I do not see anything here as for prized possessions, but I thought someone may want to see these vintage bottle openers. Had nothing better to do so I thought I would post a few soda pop bottle openers, being they are also a part of bottle history. Most of them are Coca Cola. Thought at the most you might like to view them Spence, being you are into the Coca Cola as big as you are. Nothing exceptional, but decent. Here are a few of them below. I have many other openers as well, Beer, , as well as many other areas.


----------



## LC (Jul 6, 2007)

And a few more.


----------



## LC (Jul 6, 2007)

And a couple more. Sorry the pic turned out dark, tried to brighten it up, but it just would not cooperate !


----------



## morbious_fod (Jul 6, 2007)

Those are some nice bottle openers.
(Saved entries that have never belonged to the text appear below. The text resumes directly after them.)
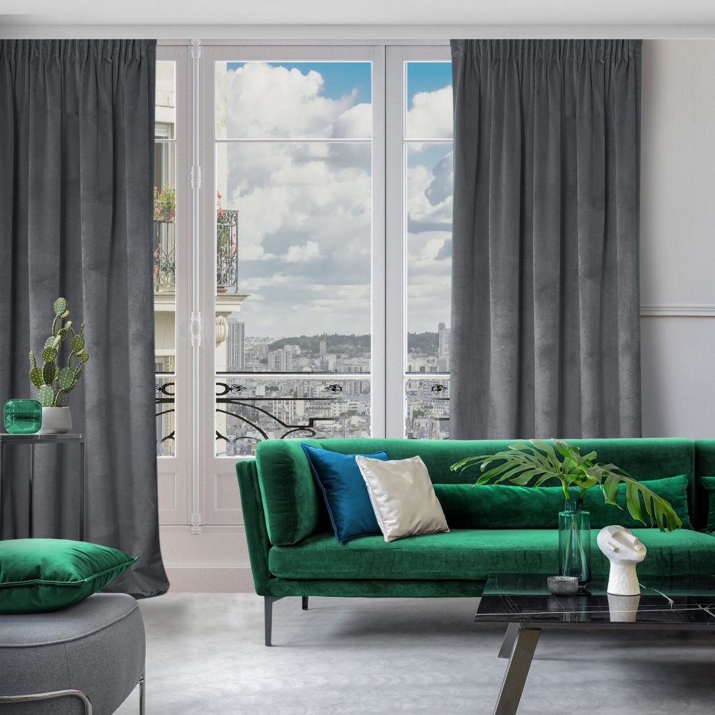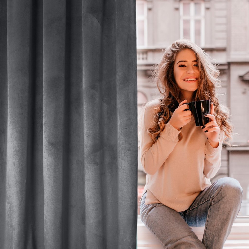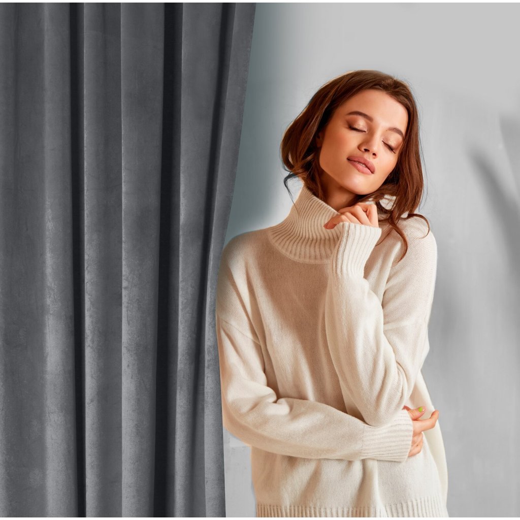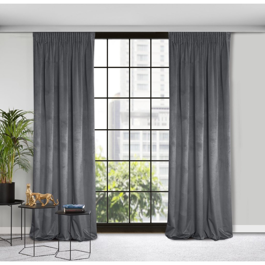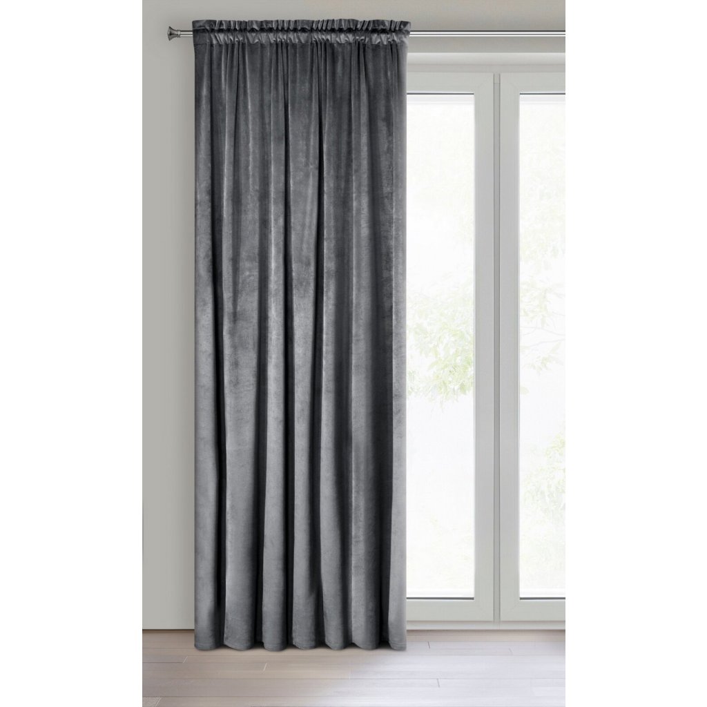 Jednobarevný sametový závěs, šířka: 140 cm, délka: 270 cm, barva: grafitová, hmotnost: 200 GSM, složení: 100% polyester.Doplňkové parametry
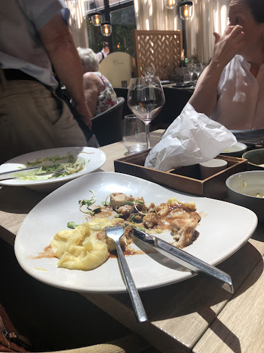 We were sat at a table where the lightbulb was missing. We ordered the €45 set menus. Although my husband enjoyed his starter (foie grae), we both agreed that other starter and main dish (tuna) had a bitter after taste. We weren't able to eat most of both. Although we ordered opposite main dishes so that I would not be given pork (my only dietary restriction), they served me the dish with pork.
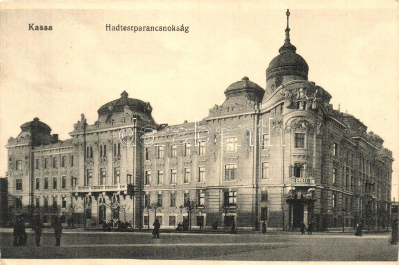 Kassa, Kosice; Hadtesparancsnokság, leporelló képeslapfüzetből kivágva... https://www.darabanth.com/de/253-Fernauktion/253.0/Topographische-Postkarten-und-Lose/Slowakei~7/Kassa-Kosice-Hadtesparancsnoksag-leporello-kepeslapfuzetbol-kivagva-army-corps-headquarte~II1227958
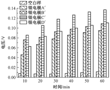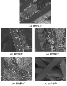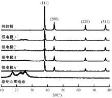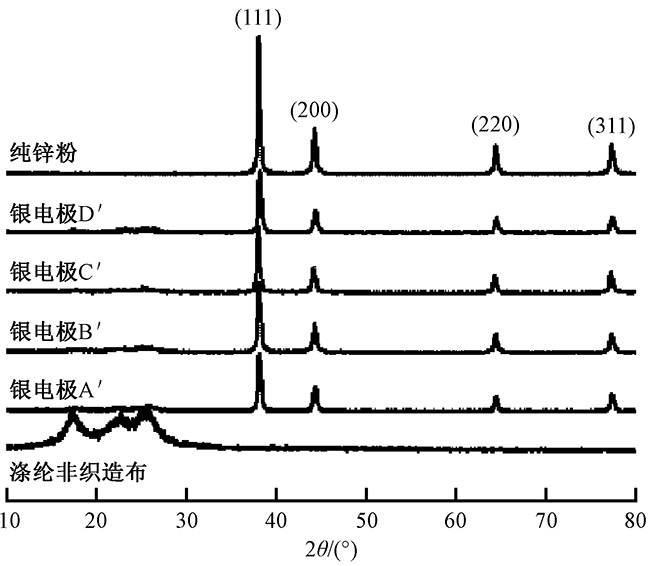 不同银电极与纯银粉及涤沦非织造布的XRD图"
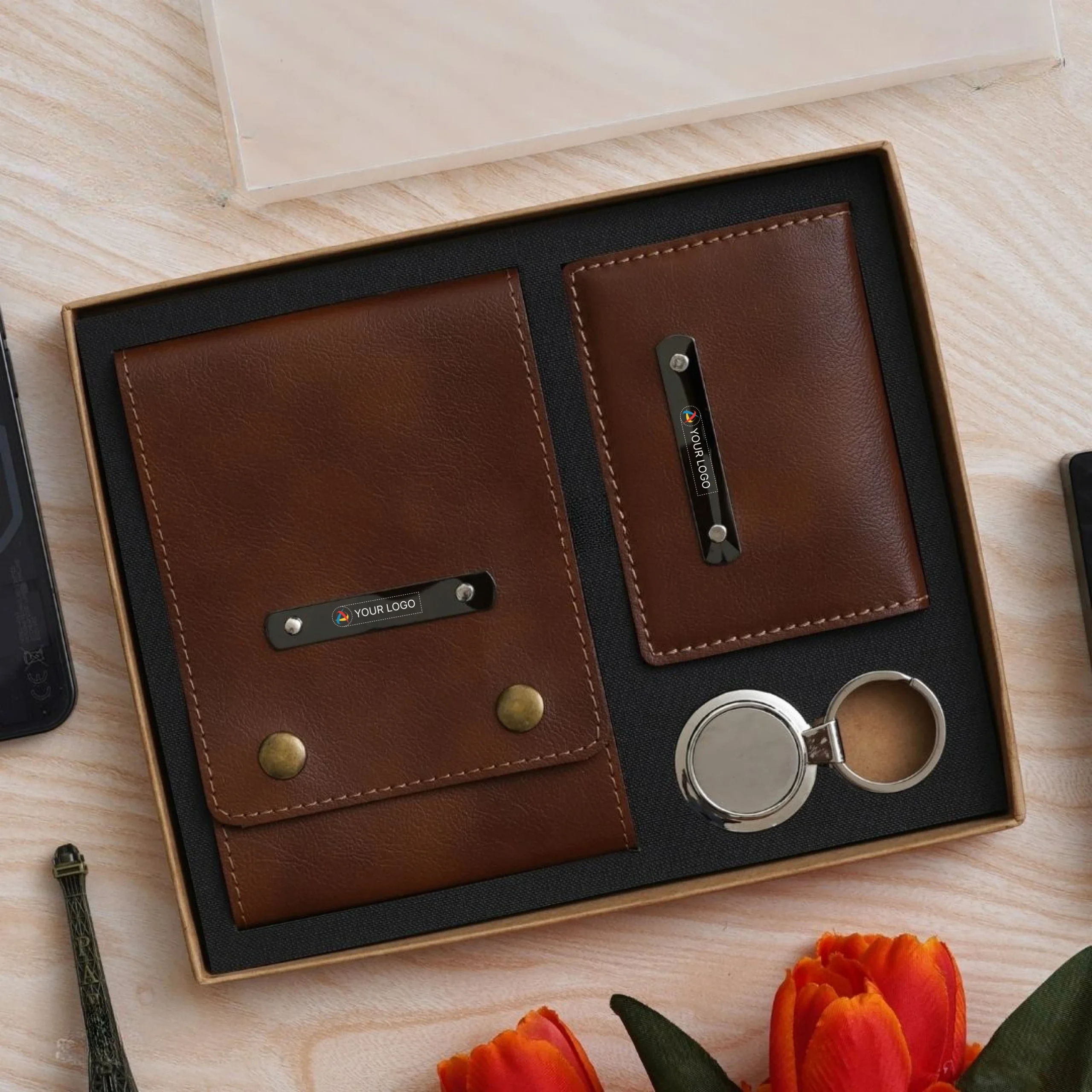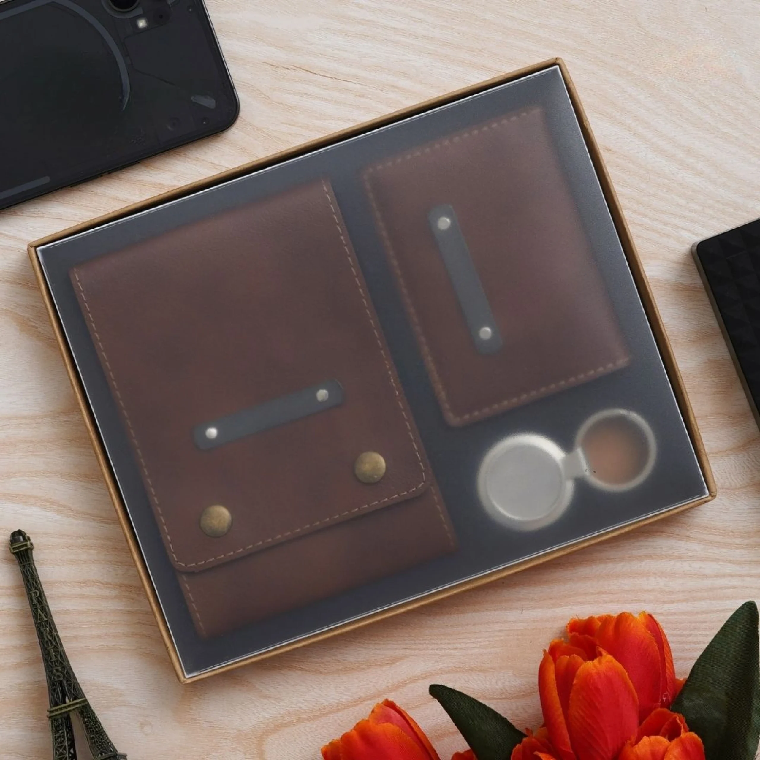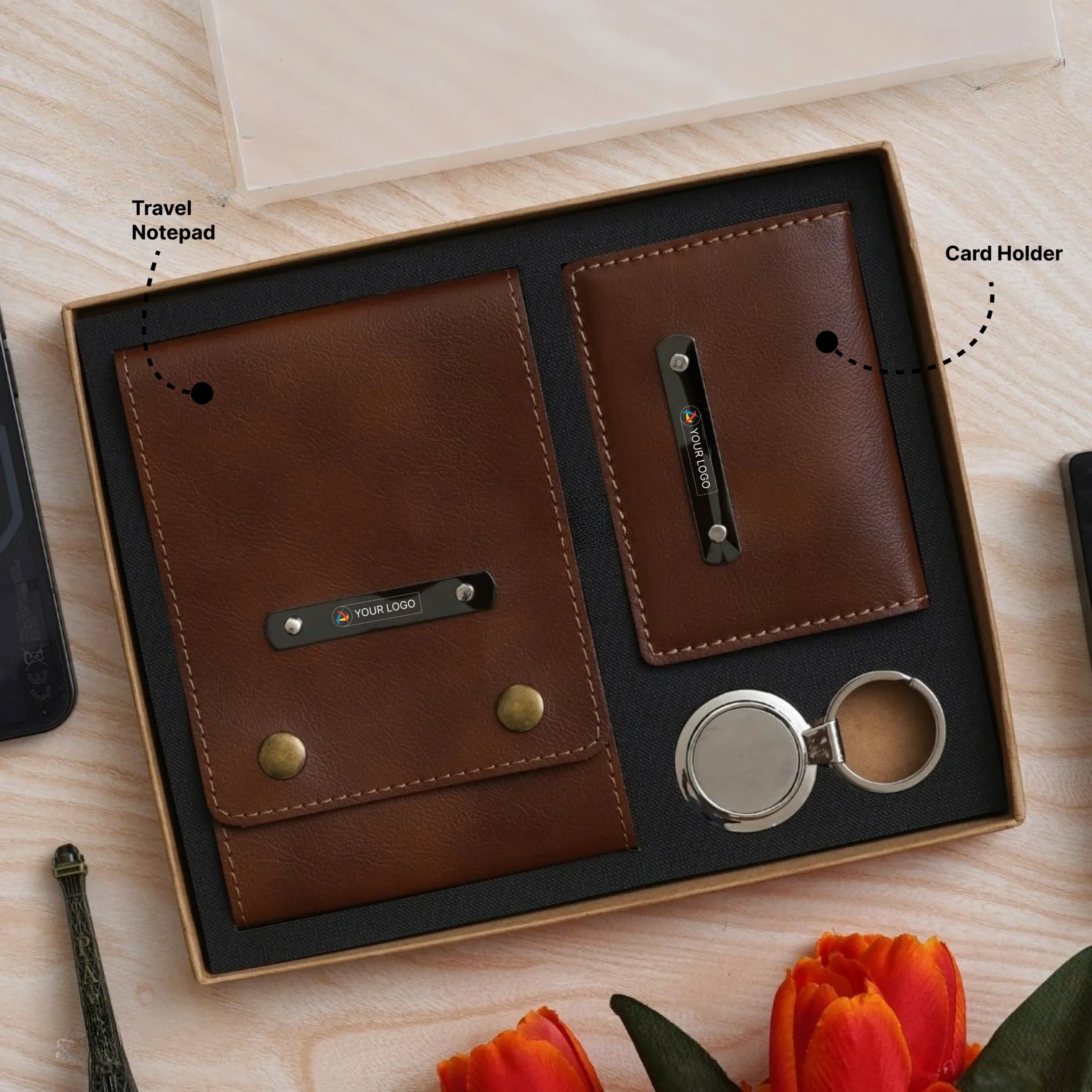 Crafted from durable vegan leather, this compact gift set includes a notepad, card holder and keychain designed for everyday utility and long-term use. Smooth texture and reinforced finish ensure a refined gifting experience for executives and clients alike. Suitable for onboarding kits, festive giveaways and premium brand promotions.
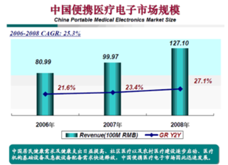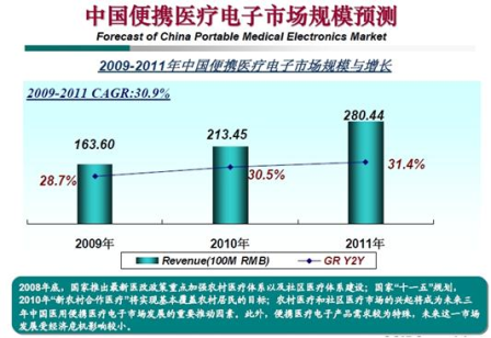 - 未来3年,中国便携医疗电子市场年复合增长率将超过30%
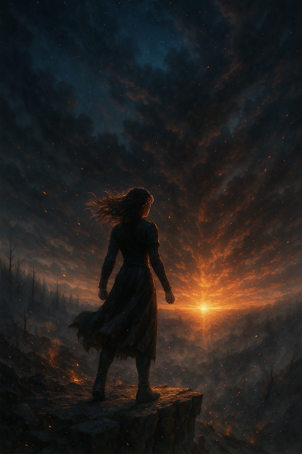 Guitar-driven powerful guitar folk metal ballad with soaring emotional solos and melodic female vocals, Slow build to cinematic climax, subtle bass
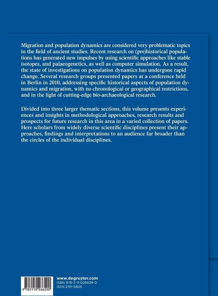 Migrations and population dynamics are considered very problematic topics in the fields of ancient studies. Recent scholarship in (pre)historical population has generated new impulses by using scientific approaches using radiogenic and stable isotopes, and palaeogenetics, as well as computer simulation. As a result, the state of migration research has undergone rapid change. Several research groups presented papers at a conference held in Berlin in 2010, addressing specific historical aspects of population dynamics and migration, with no chronological or geographical restrictions, in the light of cutting-edge bio-archaeological research. This volume, divided into three larger thematic sections (isotope analysis, population genetics, and modelling and computer simulation), presents experiences and insights about methodological approaches, research results and prospects for future research in this area in a varied collection of papers. Scholars from widely diverse scientific disciplines present their approaches, findings and interpretations to an audience far broader than the circles of the individual disciplines.
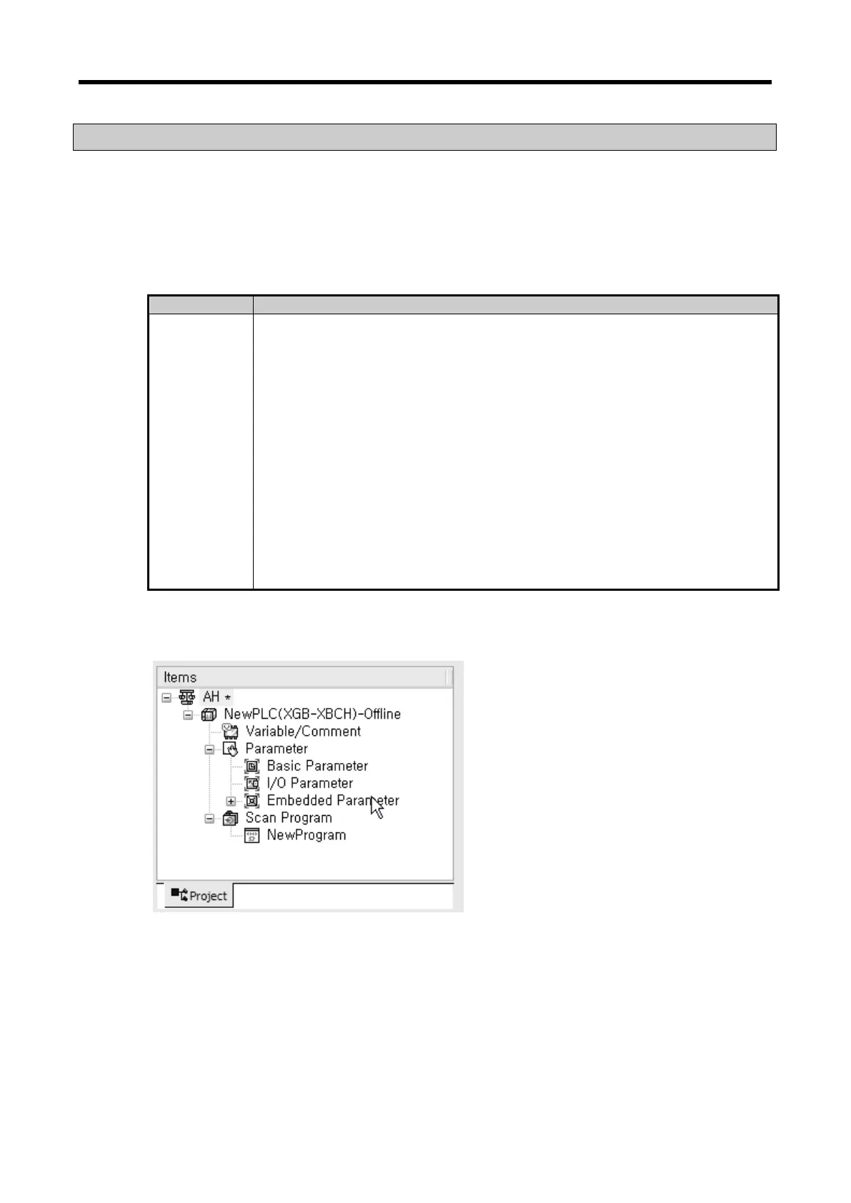 parameter setting. The items which can be set up in the [I/O Parameter] in the XG5000 project
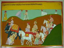 | Description / विवरण | Miniature painting based on Raghuvansha. A king is depicted marching, he is on a chariot, along with an elephant rider and three horsemen. Two people are bowing down before the king. |
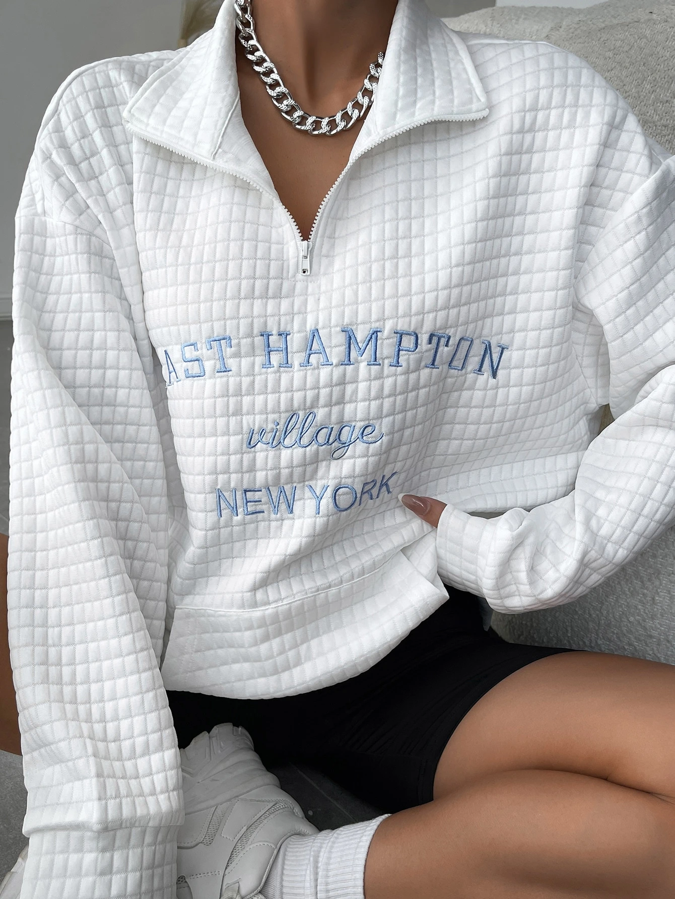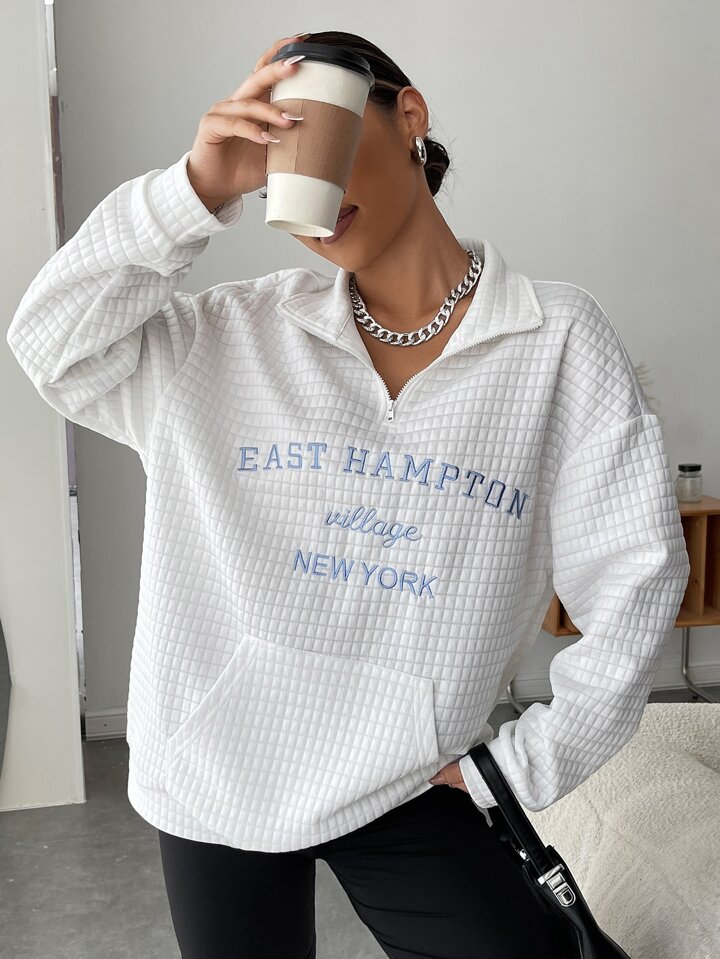 Sudadera con bordado de letra con cremallera media de hombros caídos

I too got drawn into the bottle opener collecting through bottle collecting. I have a pepsi, coke, 7-up, and an orange crush. I aways keep my eye out for more while I am out bottle hunting. 

  Another area I have started into is bottlecaps. Mostly ones that are from my local bottlers.


----------



## LC (Jul 6, 2007)

Thanks Joseph, they display well with the soda pops. I have probably eight or ten jars of Soda Pop bottle caps, not all different, there are many doubles. I have a few that were never used, but most all are in used condition, but in good condition. Once in a while I will put one on a bottle, should check them all, just takes a lot of time.


----------



## bottlenutboy (Jul 6, 2007)

thanks for posting them Lou! your right about one thing! i like almost anything Coke! i dont have any go-withs for any of my bottles unfortunately, i dont get alot of extra money to spend so when i do i like to buy myself a nice bottle or two.


----------



## morbious_fod (Jul 7, 2007)

I really shouldn't branch out; however, when the "That's neat" bug hits there's no argueing. That's how I wound up with three wooden crates. LOL!

 I have one 7-up from my hometown of Richlands, VA and two orange crushs. One is most likely from the 1960's or 70's and the other one is quite old I think.


----------